TASK STATEMENT:
Your output should be the lines below from the one with "甘川文化村是真实居民居住的村" through the one with "background. | |", copied exactly, pictures excluded.

ENTRIES SUPPLIED:
━━━━
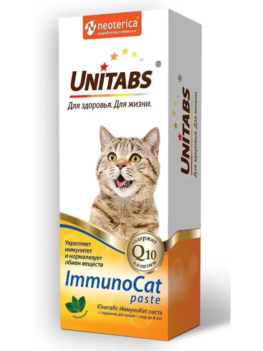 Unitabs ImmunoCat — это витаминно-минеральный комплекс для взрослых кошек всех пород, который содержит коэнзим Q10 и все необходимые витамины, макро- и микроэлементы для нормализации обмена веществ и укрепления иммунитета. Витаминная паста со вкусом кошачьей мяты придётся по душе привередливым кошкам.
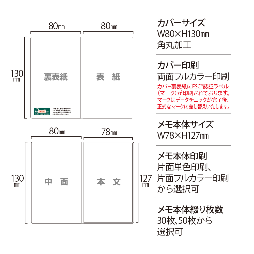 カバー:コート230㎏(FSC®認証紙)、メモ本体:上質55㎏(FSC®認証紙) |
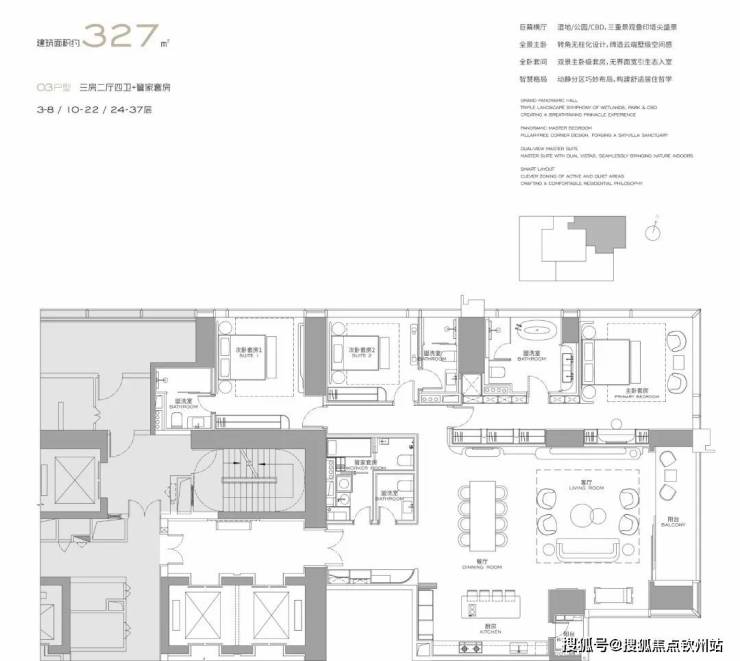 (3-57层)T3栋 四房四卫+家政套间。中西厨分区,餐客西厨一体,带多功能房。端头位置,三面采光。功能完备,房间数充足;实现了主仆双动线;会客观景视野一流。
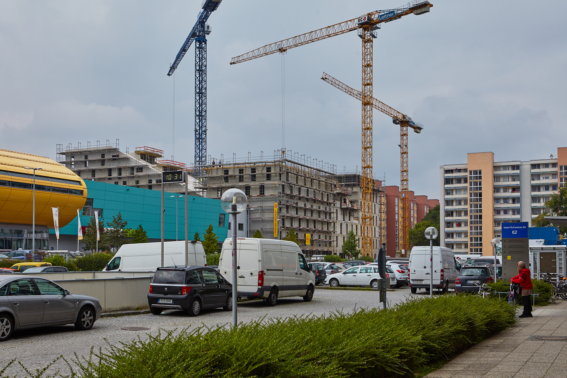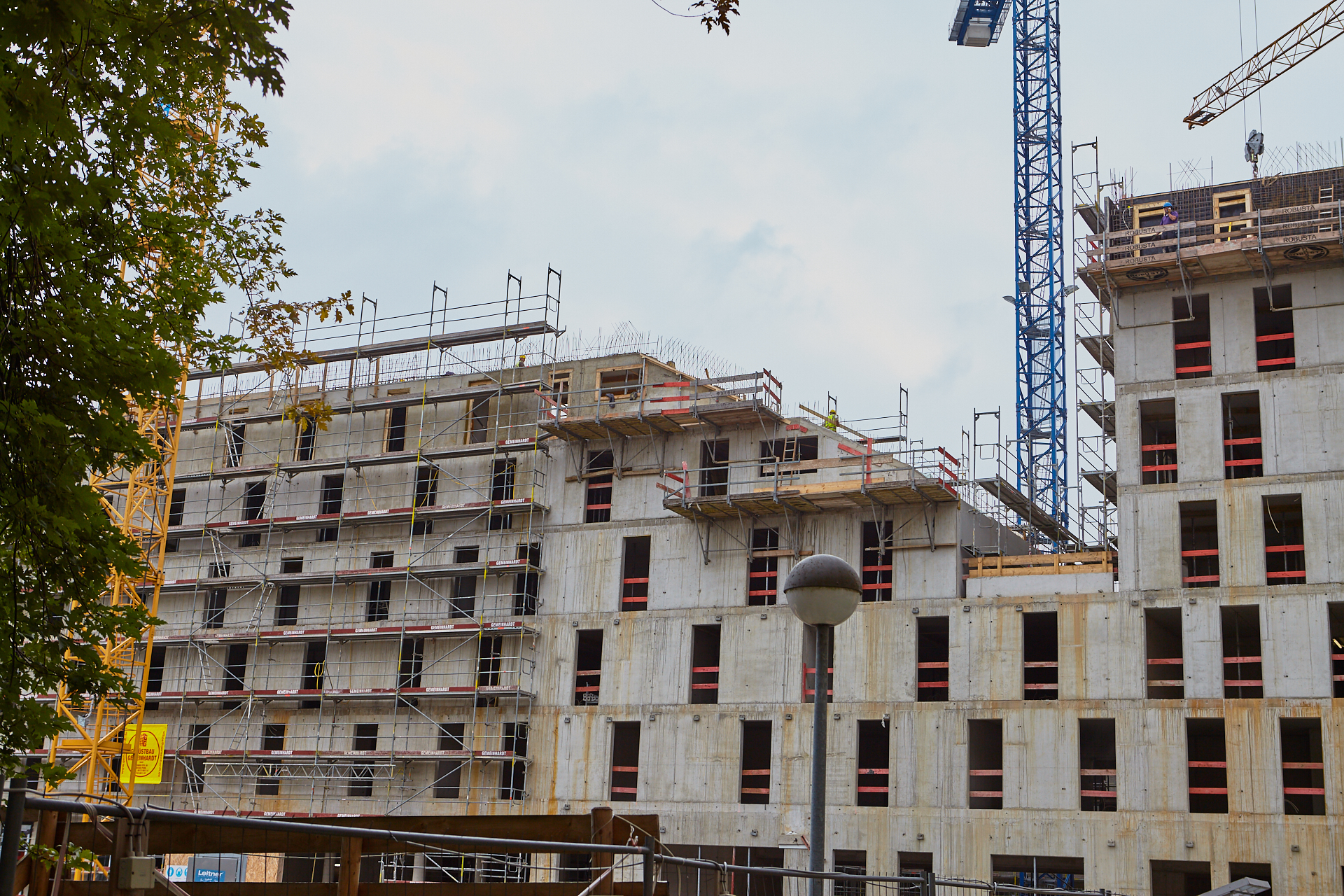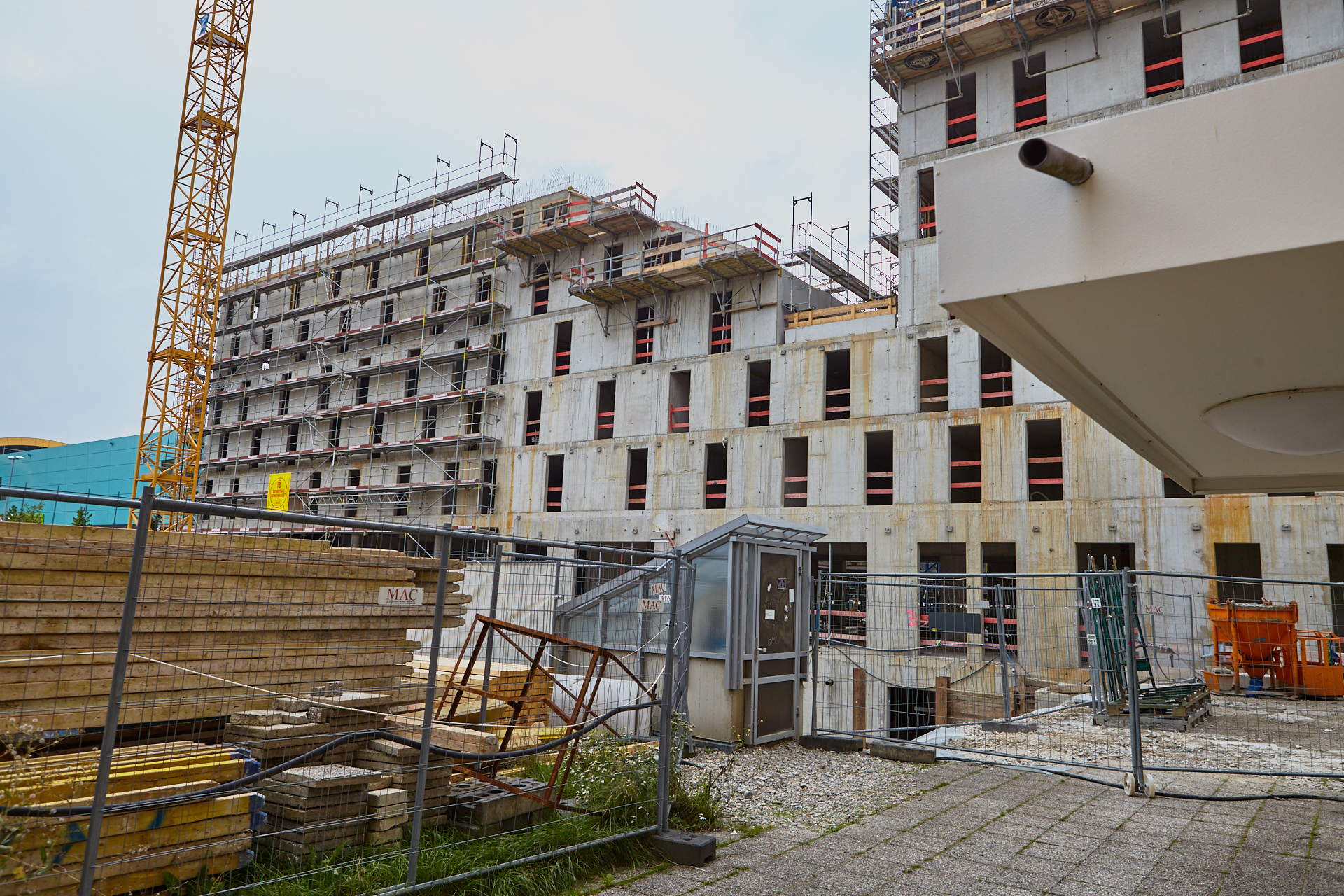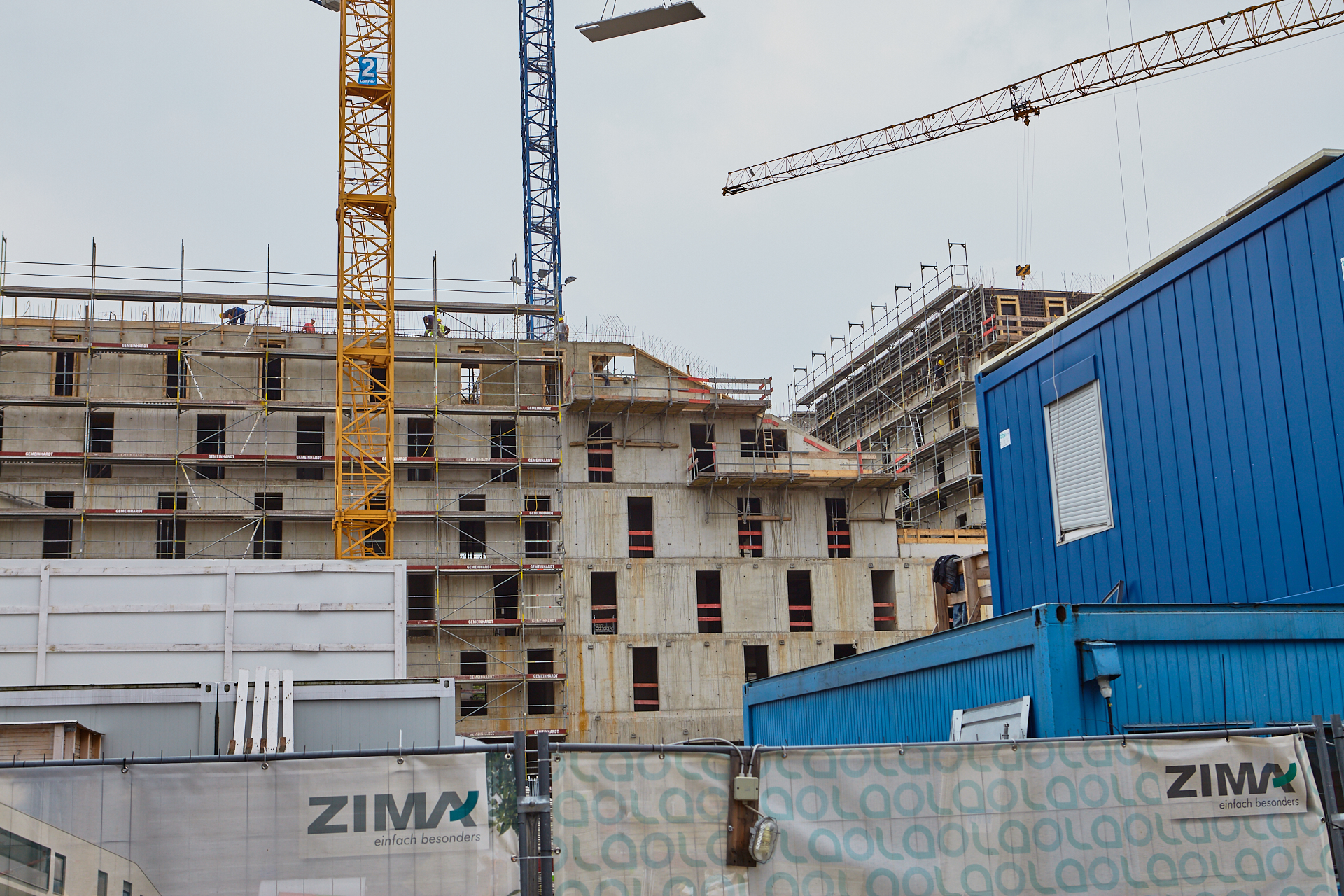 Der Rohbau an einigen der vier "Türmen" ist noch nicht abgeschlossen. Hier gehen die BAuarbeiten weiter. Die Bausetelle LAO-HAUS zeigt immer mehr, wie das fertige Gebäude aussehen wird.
━━━━
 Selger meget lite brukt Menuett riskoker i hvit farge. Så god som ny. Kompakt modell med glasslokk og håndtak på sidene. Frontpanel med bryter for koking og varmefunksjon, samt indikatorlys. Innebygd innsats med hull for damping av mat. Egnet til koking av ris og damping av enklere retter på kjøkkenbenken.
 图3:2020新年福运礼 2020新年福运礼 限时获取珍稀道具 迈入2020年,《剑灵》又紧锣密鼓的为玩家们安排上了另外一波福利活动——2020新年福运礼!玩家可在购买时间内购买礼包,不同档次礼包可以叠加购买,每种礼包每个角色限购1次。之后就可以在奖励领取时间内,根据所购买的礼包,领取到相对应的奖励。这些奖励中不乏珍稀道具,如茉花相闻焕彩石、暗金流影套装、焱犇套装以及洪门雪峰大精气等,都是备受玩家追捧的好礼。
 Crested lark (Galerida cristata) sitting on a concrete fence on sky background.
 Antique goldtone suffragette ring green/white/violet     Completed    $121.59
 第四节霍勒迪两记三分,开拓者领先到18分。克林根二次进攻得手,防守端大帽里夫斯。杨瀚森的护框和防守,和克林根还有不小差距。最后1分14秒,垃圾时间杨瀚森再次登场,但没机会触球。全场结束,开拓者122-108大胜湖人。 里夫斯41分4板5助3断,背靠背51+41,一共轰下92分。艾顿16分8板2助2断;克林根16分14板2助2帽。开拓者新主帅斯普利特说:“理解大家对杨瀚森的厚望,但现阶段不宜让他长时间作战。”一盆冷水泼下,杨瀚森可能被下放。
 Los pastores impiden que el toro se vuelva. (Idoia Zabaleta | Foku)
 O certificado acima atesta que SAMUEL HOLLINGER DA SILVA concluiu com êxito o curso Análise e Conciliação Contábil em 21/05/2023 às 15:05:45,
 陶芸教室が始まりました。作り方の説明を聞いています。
━━━━
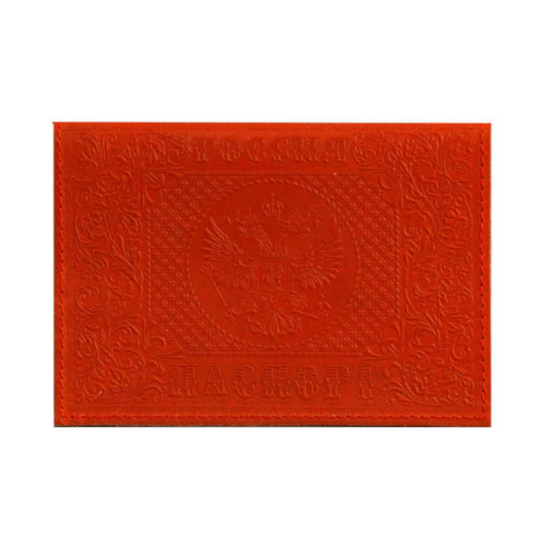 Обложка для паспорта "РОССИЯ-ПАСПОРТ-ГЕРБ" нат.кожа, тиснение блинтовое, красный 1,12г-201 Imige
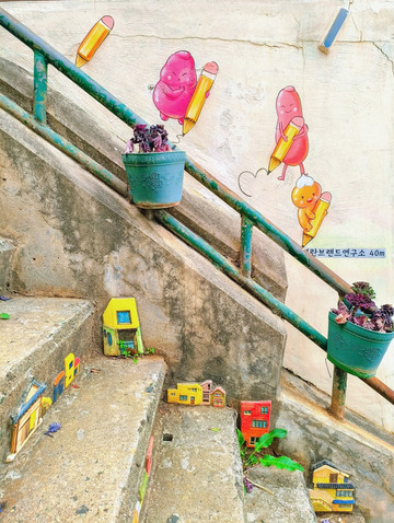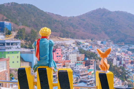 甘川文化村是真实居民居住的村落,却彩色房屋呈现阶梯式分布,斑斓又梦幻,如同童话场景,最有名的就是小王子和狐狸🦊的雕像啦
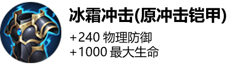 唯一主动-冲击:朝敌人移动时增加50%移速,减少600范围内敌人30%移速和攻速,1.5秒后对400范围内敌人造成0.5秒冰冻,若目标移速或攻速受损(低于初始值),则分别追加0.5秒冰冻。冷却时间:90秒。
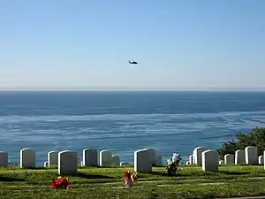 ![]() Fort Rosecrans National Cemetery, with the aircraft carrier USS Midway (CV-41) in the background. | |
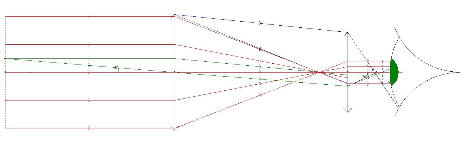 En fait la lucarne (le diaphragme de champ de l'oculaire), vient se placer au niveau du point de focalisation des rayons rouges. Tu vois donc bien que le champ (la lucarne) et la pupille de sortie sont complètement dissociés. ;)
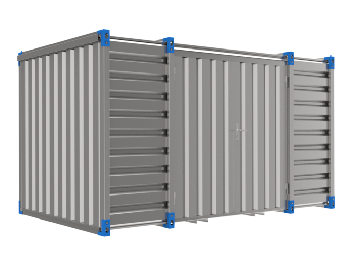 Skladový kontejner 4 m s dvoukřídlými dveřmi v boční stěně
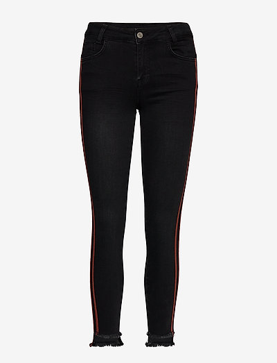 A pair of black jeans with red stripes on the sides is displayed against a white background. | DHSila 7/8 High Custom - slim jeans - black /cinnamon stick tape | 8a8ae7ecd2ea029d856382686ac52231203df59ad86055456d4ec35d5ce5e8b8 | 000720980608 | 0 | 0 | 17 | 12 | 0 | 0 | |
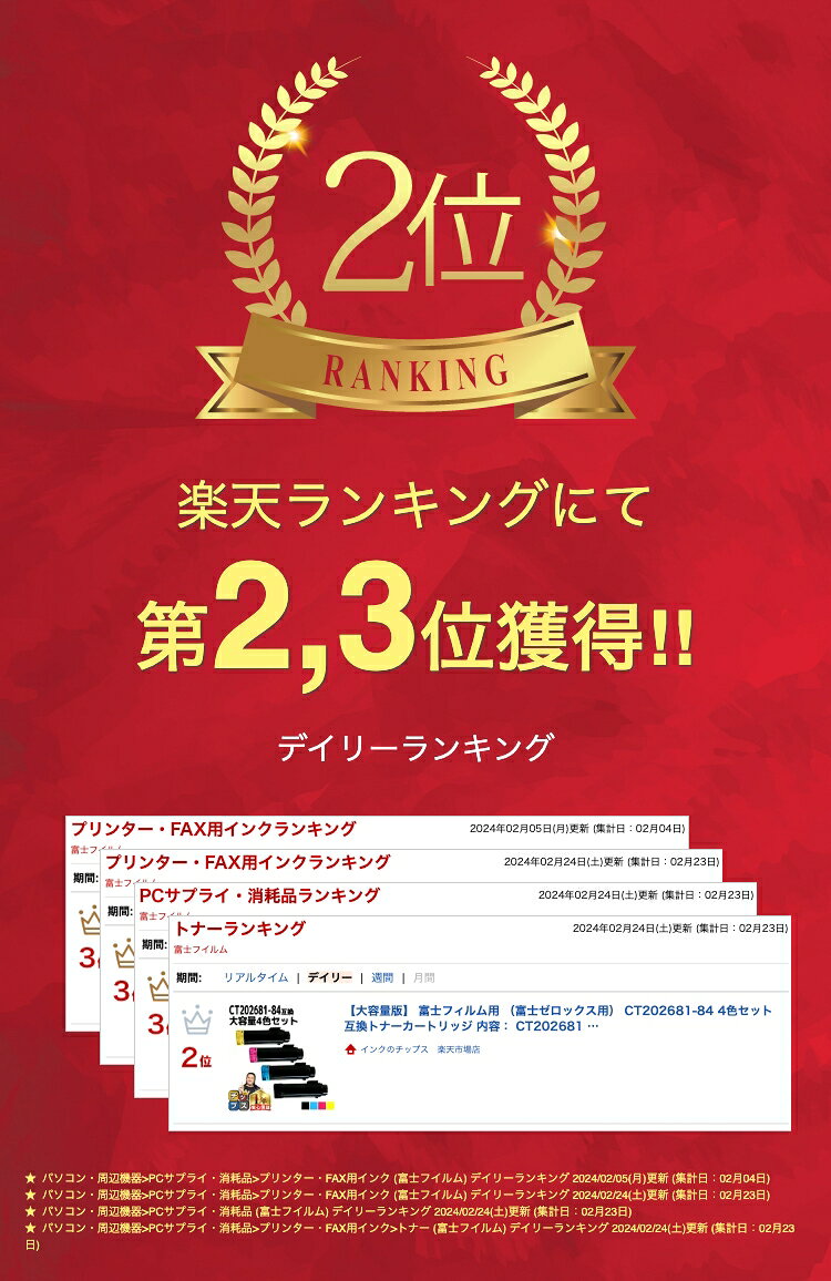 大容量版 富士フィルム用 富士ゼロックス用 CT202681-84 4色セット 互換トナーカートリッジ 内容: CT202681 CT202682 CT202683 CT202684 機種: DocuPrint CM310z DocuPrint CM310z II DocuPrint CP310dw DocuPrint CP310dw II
━━━━
SOLUTION TO THIS TASK:
 甘川文化村是真实居民居住的村落,却彩色房屋呈现阶梯式分布,斑斓又梦幻,如同童话场景,最有名的就是小王子和狐狸🦊的雕像啦
 唯一主动-冲击:朝敌人移动时增加50%移速,减少600范围内敌人30%移速和攻速,1.5秒后对400范围内敌人造成0.5秒冰冻,若目标移速或攻速受损(低于初始值),则分别追加0.5秒冰冻。冷却时间:90秒。
 ![]() Fort Rosecrans National Cemetery, with the aircraft carrier USS Midway (CV-41) in the background. | |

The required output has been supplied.